- [Exercise brief]: Please copy exactly the part of the records below that opens with the line containing "Free People long" and closes with the line containing "Power Trip Bandage Aline Mini Dress - Black", leaving out any pictures.

- [Data for this task]:
+++

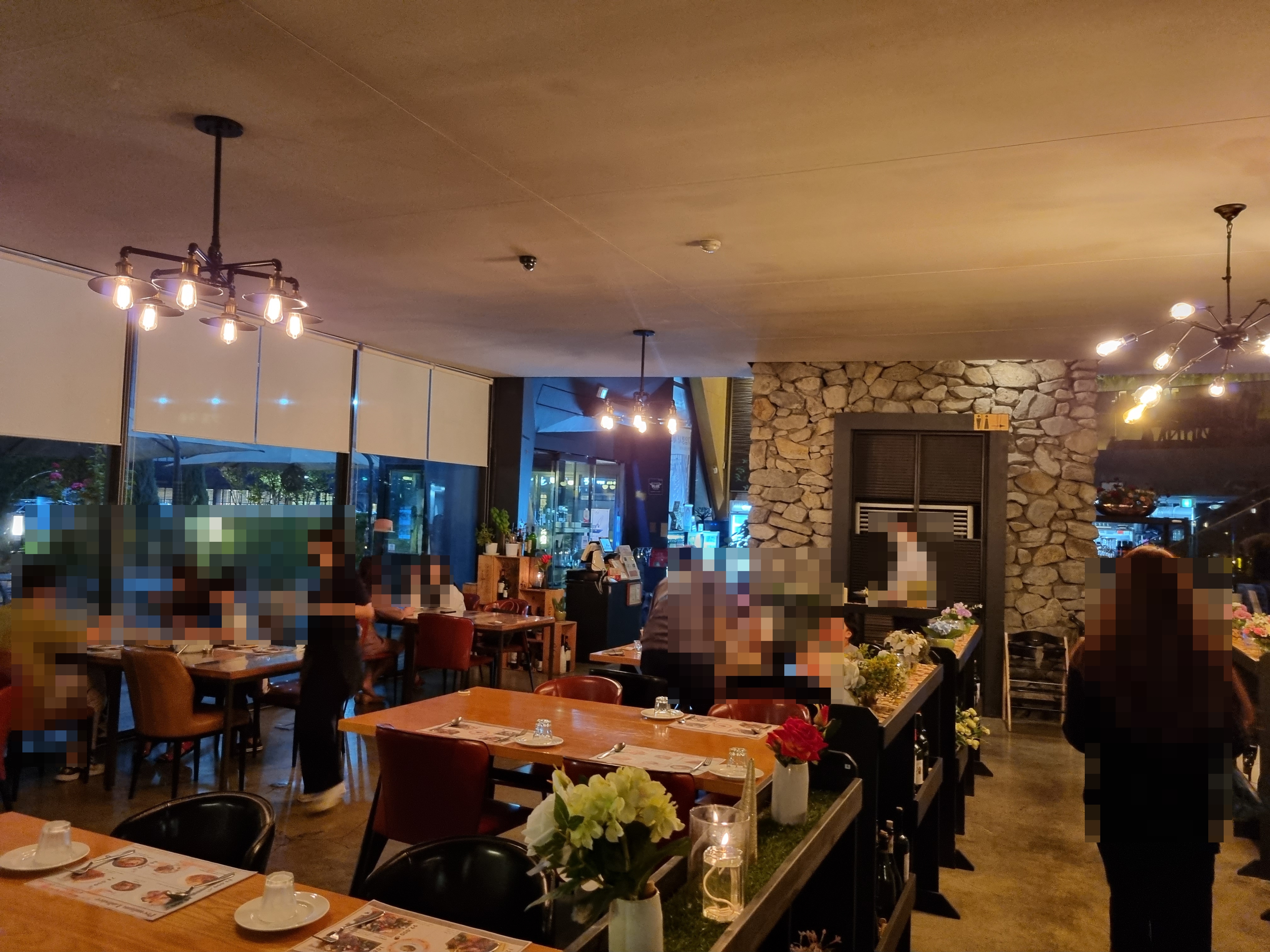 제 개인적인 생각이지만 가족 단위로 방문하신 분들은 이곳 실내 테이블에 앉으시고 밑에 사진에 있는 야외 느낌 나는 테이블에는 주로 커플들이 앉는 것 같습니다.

+++

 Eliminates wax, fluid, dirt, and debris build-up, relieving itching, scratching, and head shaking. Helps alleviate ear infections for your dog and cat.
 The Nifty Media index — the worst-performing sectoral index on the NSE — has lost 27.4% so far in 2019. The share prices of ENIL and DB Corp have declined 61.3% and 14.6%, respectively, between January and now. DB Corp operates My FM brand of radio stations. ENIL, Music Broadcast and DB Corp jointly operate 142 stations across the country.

+++

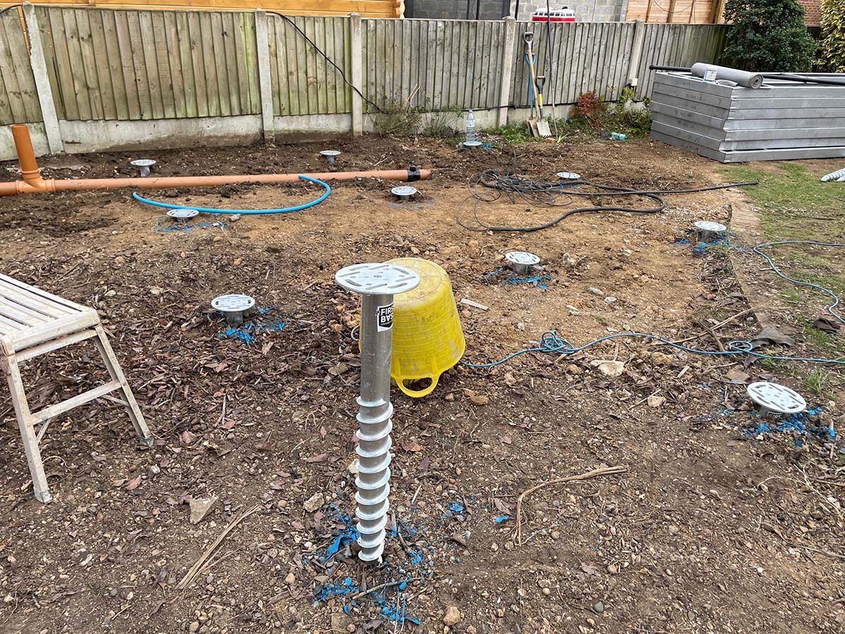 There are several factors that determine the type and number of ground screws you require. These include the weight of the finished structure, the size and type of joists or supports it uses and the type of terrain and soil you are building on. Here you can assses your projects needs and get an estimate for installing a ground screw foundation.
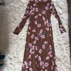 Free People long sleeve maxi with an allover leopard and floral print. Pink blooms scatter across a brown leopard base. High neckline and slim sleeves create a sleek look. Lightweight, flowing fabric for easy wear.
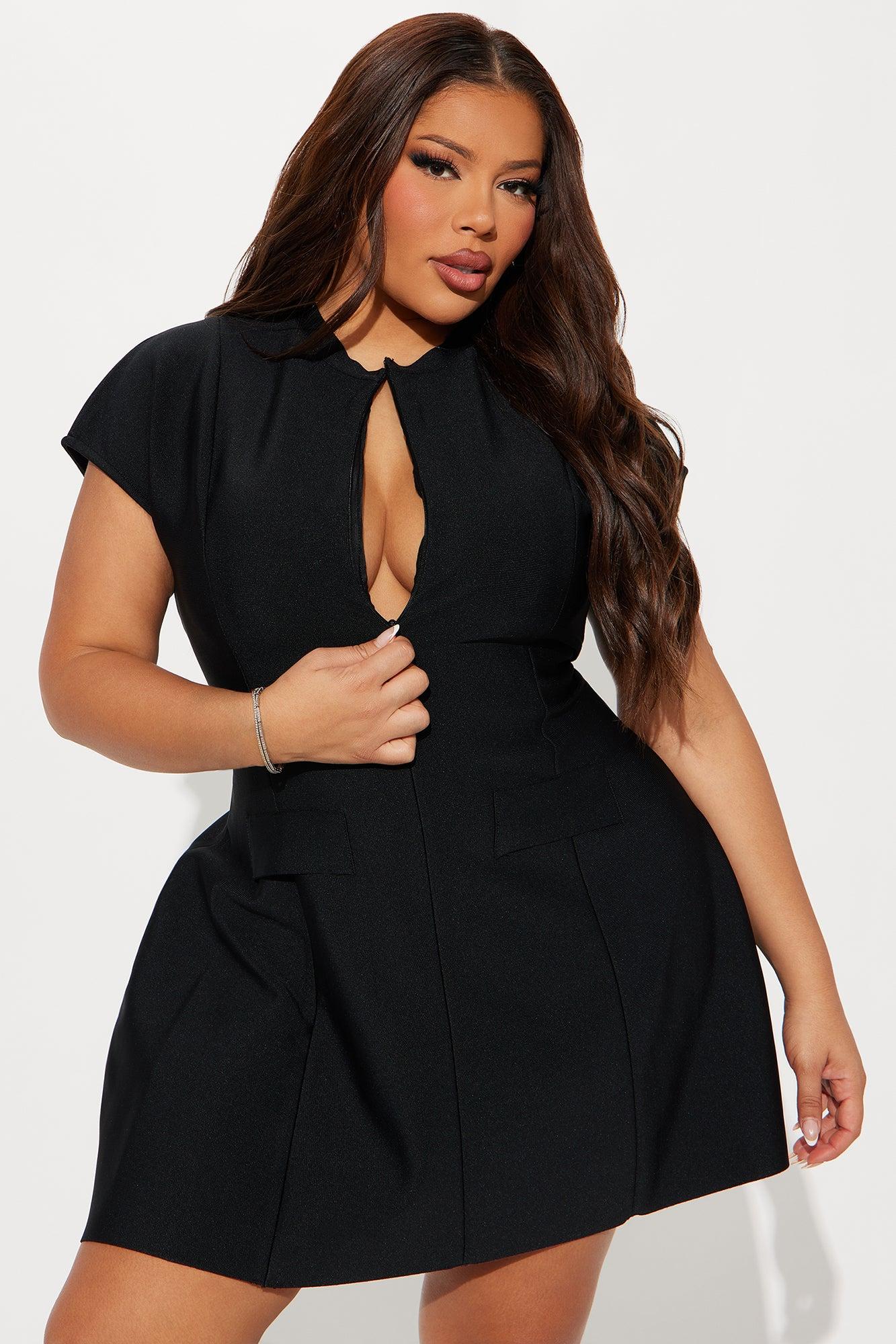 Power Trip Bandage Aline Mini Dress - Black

+++

- [Exercise output]:
 Free People long sleeve maxi with an allover leopard and floral print. Pink blooms scatter across a brown leopard base. High neckline and slim sleeves create a sleek look. Lightweight, flowing fabric for easy wear.
 Power Trip Bandage Aline Mini Dress - Black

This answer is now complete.